Whenever a line in the records below holds the string "Vista", copy it out.
[RECORDS PROVIDED Boundary: Start]
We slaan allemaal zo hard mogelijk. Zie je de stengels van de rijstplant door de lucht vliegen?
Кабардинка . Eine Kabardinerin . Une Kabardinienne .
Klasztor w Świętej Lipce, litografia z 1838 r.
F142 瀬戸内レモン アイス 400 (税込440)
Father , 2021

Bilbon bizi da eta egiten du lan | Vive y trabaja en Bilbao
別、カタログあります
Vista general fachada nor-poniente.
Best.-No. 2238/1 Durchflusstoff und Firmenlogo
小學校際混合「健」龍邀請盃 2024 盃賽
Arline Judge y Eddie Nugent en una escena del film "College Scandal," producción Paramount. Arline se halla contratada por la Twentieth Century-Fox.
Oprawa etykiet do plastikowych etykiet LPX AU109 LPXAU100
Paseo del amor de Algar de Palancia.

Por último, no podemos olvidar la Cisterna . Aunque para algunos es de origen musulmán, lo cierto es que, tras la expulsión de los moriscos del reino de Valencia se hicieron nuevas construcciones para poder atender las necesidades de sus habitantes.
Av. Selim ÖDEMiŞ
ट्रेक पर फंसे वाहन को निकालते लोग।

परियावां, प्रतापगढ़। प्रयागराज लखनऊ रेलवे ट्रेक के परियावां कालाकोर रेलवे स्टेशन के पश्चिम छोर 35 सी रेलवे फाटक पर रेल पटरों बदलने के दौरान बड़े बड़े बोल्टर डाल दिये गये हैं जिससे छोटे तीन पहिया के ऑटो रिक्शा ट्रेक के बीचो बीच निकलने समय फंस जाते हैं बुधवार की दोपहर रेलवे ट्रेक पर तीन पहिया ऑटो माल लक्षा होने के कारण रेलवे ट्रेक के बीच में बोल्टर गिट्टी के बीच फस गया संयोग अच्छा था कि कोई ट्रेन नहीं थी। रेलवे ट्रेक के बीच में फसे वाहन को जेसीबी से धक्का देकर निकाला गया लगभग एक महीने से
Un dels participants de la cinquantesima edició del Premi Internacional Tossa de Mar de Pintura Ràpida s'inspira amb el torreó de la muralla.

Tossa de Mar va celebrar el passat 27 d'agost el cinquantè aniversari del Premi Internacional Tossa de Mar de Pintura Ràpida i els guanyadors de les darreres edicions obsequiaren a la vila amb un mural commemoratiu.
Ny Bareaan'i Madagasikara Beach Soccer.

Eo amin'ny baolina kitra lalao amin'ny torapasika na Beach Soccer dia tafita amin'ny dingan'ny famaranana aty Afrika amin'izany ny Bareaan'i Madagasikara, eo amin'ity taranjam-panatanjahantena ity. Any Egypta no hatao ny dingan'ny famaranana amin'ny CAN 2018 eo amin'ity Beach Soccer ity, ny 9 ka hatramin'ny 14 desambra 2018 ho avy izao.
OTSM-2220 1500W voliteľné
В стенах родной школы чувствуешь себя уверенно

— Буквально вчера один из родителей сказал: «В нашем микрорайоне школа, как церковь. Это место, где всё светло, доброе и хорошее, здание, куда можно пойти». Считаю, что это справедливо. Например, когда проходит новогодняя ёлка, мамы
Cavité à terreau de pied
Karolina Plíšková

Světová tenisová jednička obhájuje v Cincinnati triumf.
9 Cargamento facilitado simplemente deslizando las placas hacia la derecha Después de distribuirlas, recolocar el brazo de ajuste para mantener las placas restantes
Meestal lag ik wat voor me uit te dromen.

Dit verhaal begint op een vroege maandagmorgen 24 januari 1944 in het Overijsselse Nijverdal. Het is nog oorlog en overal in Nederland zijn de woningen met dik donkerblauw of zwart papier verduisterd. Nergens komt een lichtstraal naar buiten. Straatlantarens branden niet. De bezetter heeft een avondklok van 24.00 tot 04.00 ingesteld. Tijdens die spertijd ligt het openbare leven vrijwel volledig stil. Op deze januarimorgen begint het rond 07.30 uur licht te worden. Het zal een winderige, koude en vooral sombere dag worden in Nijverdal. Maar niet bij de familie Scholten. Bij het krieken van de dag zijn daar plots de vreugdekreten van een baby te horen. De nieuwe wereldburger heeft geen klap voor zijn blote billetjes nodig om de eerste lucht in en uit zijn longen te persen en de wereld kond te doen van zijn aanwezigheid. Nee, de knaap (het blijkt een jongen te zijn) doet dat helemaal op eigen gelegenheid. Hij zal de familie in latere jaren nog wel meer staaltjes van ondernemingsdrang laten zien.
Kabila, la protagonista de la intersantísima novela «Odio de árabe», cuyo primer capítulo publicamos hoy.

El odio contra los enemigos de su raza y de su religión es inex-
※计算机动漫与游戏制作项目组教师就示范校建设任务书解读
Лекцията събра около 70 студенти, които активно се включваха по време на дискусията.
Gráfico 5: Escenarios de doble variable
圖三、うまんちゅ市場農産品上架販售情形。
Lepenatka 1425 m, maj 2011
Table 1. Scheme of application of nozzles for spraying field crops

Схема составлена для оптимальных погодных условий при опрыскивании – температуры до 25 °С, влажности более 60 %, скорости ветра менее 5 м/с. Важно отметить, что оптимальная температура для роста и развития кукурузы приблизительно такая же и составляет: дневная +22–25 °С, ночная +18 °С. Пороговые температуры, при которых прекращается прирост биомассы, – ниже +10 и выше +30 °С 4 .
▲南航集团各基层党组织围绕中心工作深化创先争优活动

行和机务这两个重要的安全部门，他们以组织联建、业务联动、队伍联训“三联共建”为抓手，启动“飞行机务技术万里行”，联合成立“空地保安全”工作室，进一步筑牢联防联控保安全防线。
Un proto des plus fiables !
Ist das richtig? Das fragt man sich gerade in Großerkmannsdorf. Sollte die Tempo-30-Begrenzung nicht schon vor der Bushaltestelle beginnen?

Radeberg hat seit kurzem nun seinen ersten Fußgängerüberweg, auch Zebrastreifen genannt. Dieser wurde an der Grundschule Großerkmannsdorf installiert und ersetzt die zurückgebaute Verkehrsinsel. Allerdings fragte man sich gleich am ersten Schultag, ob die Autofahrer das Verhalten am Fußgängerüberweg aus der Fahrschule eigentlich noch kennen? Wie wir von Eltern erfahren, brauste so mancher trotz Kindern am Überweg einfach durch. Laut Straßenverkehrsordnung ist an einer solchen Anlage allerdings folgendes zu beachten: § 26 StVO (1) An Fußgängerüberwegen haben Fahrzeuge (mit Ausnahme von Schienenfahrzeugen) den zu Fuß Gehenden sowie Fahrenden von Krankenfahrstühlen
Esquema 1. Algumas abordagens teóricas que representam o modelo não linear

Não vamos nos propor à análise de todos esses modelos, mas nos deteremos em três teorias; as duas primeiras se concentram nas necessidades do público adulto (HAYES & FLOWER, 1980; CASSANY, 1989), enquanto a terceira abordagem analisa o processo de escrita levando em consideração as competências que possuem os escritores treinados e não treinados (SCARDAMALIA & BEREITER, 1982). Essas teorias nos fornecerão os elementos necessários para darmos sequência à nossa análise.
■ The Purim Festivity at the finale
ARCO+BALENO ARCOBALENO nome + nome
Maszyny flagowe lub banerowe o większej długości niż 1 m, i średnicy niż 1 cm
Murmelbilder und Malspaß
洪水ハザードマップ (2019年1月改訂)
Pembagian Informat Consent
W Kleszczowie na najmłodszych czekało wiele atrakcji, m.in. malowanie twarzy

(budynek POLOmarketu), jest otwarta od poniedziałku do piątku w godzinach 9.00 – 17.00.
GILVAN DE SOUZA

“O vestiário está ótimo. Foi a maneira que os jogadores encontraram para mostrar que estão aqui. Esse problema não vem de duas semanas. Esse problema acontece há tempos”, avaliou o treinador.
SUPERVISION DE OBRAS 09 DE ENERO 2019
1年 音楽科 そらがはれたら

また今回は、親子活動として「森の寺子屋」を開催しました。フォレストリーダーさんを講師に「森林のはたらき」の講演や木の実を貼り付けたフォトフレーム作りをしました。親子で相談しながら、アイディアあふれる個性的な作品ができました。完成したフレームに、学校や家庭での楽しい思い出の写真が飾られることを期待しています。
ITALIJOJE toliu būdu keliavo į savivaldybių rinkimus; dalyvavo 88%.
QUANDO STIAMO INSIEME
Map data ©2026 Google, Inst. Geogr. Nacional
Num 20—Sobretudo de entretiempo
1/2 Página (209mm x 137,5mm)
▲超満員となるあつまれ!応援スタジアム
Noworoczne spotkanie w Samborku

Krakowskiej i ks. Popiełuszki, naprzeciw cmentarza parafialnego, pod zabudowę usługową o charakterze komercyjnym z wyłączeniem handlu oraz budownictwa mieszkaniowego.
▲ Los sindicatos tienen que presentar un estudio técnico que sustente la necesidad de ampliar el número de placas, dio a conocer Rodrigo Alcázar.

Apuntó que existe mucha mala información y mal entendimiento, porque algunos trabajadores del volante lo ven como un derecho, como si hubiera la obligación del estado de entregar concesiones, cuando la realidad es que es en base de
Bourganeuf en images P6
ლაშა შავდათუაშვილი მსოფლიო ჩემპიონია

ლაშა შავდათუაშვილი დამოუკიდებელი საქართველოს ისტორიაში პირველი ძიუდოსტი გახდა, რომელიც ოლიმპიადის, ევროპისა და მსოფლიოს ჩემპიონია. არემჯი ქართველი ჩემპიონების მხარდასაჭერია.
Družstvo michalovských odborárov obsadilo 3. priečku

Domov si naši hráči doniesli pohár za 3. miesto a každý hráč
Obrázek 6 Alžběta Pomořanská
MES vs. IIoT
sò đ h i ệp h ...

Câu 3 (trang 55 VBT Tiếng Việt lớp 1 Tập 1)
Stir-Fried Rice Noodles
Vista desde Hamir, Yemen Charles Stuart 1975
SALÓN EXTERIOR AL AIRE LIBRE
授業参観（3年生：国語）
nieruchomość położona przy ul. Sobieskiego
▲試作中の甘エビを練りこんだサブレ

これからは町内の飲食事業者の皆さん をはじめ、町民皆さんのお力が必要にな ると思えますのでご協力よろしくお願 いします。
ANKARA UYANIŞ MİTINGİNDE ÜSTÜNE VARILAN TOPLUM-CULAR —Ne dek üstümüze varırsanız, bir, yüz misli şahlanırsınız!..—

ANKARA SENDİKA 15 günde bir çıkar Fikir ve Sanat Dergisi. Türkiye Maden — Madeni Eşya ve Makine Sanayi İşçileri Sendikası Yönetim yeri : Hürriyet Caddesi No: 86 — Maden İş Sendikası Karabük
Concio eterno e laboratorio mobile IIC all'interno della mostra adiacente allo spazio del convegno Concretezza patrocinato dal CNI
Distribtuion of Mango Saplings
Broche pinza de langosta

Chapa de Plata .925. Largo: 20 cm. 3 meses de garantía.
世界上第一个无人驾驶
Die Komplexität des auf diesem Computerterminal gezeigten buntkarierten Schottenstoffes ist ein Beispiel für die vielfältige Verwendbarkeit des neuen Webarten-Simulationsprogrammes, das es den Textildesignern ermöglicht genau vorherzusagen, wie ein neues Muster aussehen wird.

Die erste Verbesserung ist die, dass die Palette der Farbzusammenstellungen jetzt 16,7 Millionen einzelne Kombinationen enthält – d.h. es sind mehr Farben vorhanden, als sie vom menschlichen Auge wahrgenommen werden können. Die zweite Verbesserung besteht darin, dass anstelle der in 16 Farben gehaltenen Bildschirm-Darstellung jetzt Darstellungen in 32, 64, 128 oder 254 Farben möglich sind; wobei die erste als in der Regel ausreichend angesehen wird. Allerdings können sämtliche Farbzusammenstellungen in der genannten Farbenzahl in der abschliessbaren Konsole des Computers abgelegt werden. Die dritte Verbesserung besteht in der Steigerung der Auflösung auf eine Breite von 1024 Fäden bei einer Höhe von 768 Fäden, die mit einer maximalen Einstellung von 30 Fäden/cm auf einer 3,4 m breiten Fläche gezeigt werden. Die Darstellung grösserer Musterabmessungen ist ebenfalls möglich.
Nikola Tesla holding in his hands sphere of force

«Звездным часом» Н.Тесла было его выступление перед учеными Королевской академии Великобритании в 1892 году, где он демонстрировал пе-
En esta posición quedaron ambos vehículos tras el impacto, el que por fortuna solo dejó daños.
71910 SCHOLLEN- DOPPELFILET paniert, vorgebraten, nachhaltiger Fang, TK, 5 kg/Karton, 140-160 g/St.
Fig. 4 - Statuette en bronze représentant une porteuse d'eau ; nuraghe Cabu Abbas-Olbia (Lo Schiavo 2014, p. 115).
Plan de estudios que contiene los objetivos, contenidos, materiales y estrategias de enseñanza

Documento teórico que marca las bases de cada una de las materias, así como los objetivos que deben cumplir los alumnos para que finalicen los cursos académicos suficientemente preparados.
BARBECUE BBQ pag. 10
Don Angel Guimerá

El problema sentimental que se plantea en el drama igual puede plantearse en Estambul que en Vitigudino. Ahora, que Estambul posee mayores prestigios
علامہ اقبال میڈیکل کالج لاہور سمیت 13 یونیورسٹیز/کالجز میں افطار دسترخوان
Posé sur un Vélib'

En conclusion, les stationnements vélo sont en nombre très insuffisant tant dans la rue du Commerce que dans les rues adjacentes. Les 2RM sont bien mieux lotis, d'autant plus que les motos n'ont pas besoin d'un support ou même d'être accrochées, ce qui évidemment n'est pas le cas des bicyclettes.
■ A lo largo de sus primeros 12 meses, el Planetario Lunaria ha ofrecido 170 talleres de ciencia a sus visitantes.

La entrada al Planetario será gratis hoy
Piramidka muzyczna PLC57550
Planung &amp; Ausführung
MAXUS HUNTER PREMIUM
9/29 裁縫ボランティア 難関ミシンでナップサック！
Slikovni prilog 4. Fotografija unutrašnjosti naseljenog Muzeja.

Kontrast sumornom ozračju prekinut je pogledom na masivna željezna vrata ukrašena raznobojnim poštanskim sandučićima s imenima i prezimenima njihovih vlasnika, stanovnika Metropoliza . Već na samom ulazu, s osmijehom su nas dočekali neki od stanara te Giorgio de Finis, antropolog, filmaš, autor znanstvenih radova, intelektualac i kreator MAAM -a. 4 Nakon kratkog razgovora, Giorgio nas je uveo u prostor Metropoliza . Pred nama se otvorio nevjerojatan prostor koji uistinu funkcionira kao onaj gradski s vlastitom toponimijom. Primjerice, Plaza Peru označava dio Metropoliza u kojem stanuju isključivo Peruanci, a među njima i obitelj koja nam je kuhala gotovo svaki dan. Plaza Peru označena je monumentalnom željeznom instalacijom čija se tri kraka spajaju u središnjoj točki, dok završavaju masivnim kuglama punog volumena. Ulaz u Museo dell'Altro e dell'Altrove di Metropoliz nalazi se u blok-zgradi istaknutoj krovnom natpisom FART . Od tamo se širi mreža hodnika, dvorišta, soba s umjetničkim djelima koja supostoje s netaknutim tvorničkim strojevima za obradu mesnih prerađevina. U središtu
[RECORDS PROVIDED Boundary: End]
EXPECTED ANSWER.
Vista general fachada nor-poniente.
Vista desde Hamir, Yemen Charles Stuart 1975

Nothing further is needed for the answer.